Nyungne Fast
Teachings of the Naz-Mani
In the Living Gods, Let the hallowed Light of Transcendant Truth be praised. Let the Sweet Mystery of Miryai awaken in the heart of hearts.


The Nyungne practice is a profound Tibetan Buddhist fasting retreat centered on cultivating compassion through meditation on Thousand-Armed Chenrezig (Avalokiteshvara). Traditionally, it spans two days and involves strict vows, with the second day typically being a complete fast from food and water.  Below is a two-day  Nyungne fast outline, balancing the traditional structure with practical  adjustments.

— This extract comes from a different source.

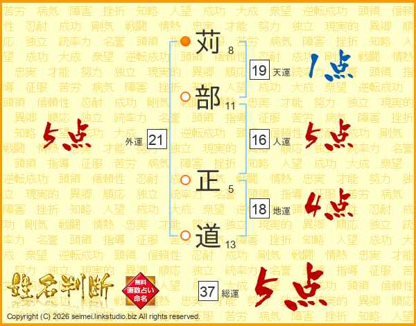 苅部正道さんの総運は37画の5点!
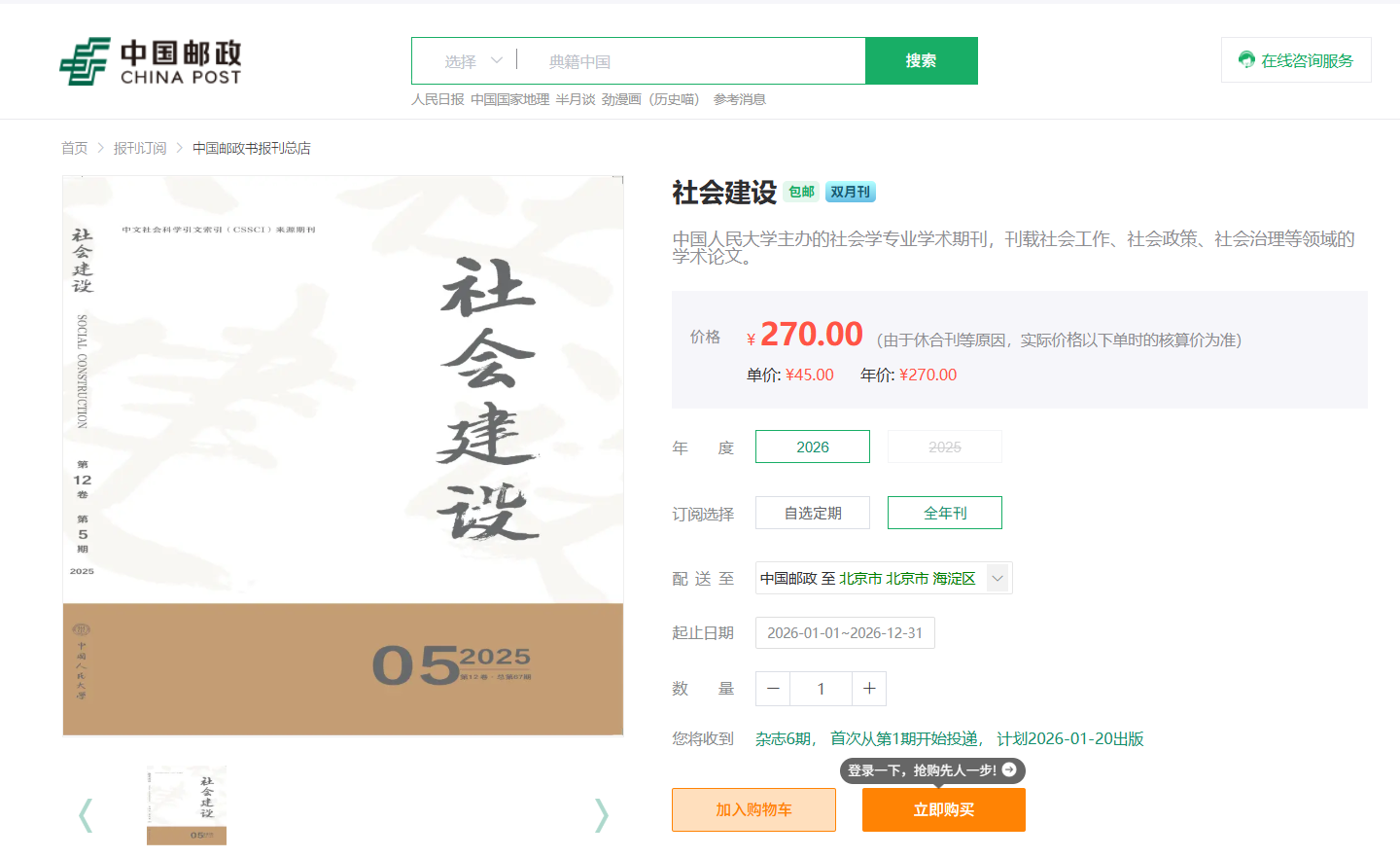 《社会建设》杂志2026年的征订工作现已正式开始。《社会建设》邮发代号80-874,双月刊240页,每期定价45元,全年合计270元。以下几种订阅方式可供选择:

Day 1:  Eating and Partial Fasting

Spiritual Focus: Take the Eight Mahayana Precepts (refraining from killing, stealing, sexual activity, lying, intoxicants, eating after noon, entertainment/high seats, and wearing adornments). Meditate on Chenrezig, reciting mantras (e.g., "Om Mani Padme Hum") and visualizations to foster compassion.

    Morning (before noon): <20g Protein, <55g Net Carbs, <800 Calories
        Meal (Vegan, Simple): A nutrient-dense, plant-based breakfast to sustain energy, as eating is permitted only before noon. Example:
            Steamed spinach or kale or brocolli, or salad.
            Herbal tea (e.g., chamomile or green tea, no caffeine if preferred for clarity).
        Guidelines: Keep the meal modest, avoiding overeating or rich foods to maintain mindfulness. Focus on low protein low simple carb foods.
        Practice: Begin with prostrations, offerings, and Chenrezig sadhana (guided meditation). Dedicate the meal to the benefit of all beings.
    Afternoon and Evening (after noon):
        Fasting: No solid food after noon, following traditional Nyungne rules. You may drink water or unsweetened herbal tea to stay hydrated,
        Practice: Engage in silent meditation, mantra recitation, and visualizations of Chenrezig. Reflect on compassion and interdependence. Maintain silence unless chanting or reciting prayers.
        Activity: Rest to conserve energy, avoiding strenuous tasks. If needed, gentle walking meditation can help focus.

Day 2: Complete  Fast (No Food or Water)

Spiritual Focus: Deepen commitment to the Eight Precepts, observing complete silence (except for mantras/prayers) and intensifying Chenrezig practice. The total fast amplifies purification and compassion.

    All Day:
        Fasting: Abstain from all food and water from midnight to midnight (or sunrise to sunrise, depending on tradition). This is the most challenging aspect, symbolizing detachment and purification.
        Practice: Focus entirely on Chenrezig sadhana—recite mantras, visualize the deity, and contemplate loving-kindness. Sessions may last several hours, interspersed with short breaks for prostrations or silent reflection.
        Activity: Remain seated or resting to preserve energy. Avoid physical exertion, as the body relies on stored reserves. If dizziness or weakness occurs, lie down and focus on breath or mantra.

Additional Considerations

    Preparation: Before starting, eat balanced  meals for a few days, emphasizing protein (tofu, lentils), healthy fats (avocado, nuts), and fortified foods (B12, calcium). Stock up on Day 1 ingredients and ensure a calm, distraction-free space.